(Source records)

::::::::::

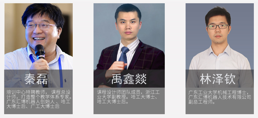 1、豪华师资,师资阵容强大,由哈工大博士,广东汇博机器人创始人秦磊博士、浙江工业大学副教授禹鑫燚、广东工业大学博士林泽钦等组成的教学研发团队。
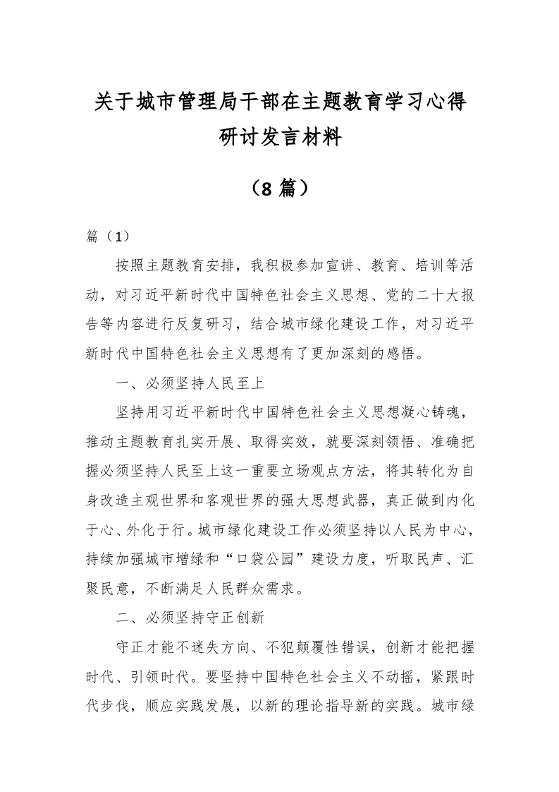 (8篇)关于城市管理局干部在主题教育学习心得研讨发言材料
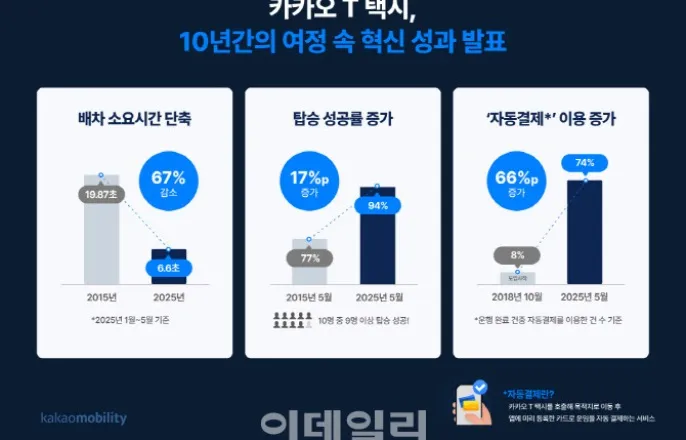 6.6초 이내 배차, 10명 중 9.4명 탑승…카카오T 택시 '10년' 성과
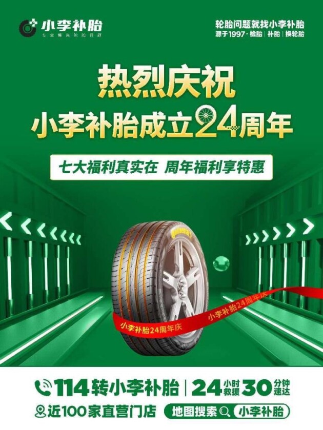 小李补胎24周年庆盛大启幕!持续时间6月6日至6月30日,活动期间到小李补胎郑州、洛阳区域近100家门店均可尊享多项优惠与感恩回馈。
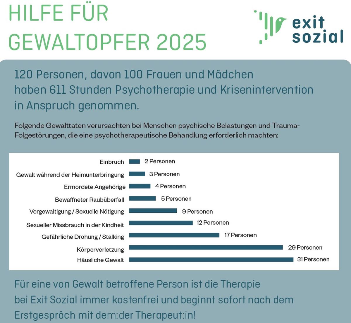 Im Jahr 2025 nahmen 120 Personen, davon 100 Frauen und Mädchen, 611 Stunden Psychotherapie und Krisenintervention in Anspruch. Trauma-Folgestörungen und psychische Belastungen bei Menschen, die dieses Angebot nützten, wurden durch folgende Gewalttaten ausgelöst:

::::::::::

WHAT YOU NEED TO DO:
Once the line containing "小李补胎24周年庆盛大启幕!" is found in the records above, it and every line after it up to the last must be repeated exactly, without pictures.

RESULT:
 小李补胎24周年庆盛大启幕!持续时间6月6日至6月30日,活动期间到小李补胎郑州、洛阳区域近100家门店均可尊享多项优惠与感恩回馈。
 Im Jahr 2025 nahmen 120 Personen, davon 100 Frauen und Mädchen, 611 Stunden Psychotherapie und Krisenintervention in Anspruch. Trauma-Folgestörungen und psychische Belastungen bei Menschen, die dieses Angebot nützten, wurden durch folgende Gewalttaten ausgelöst:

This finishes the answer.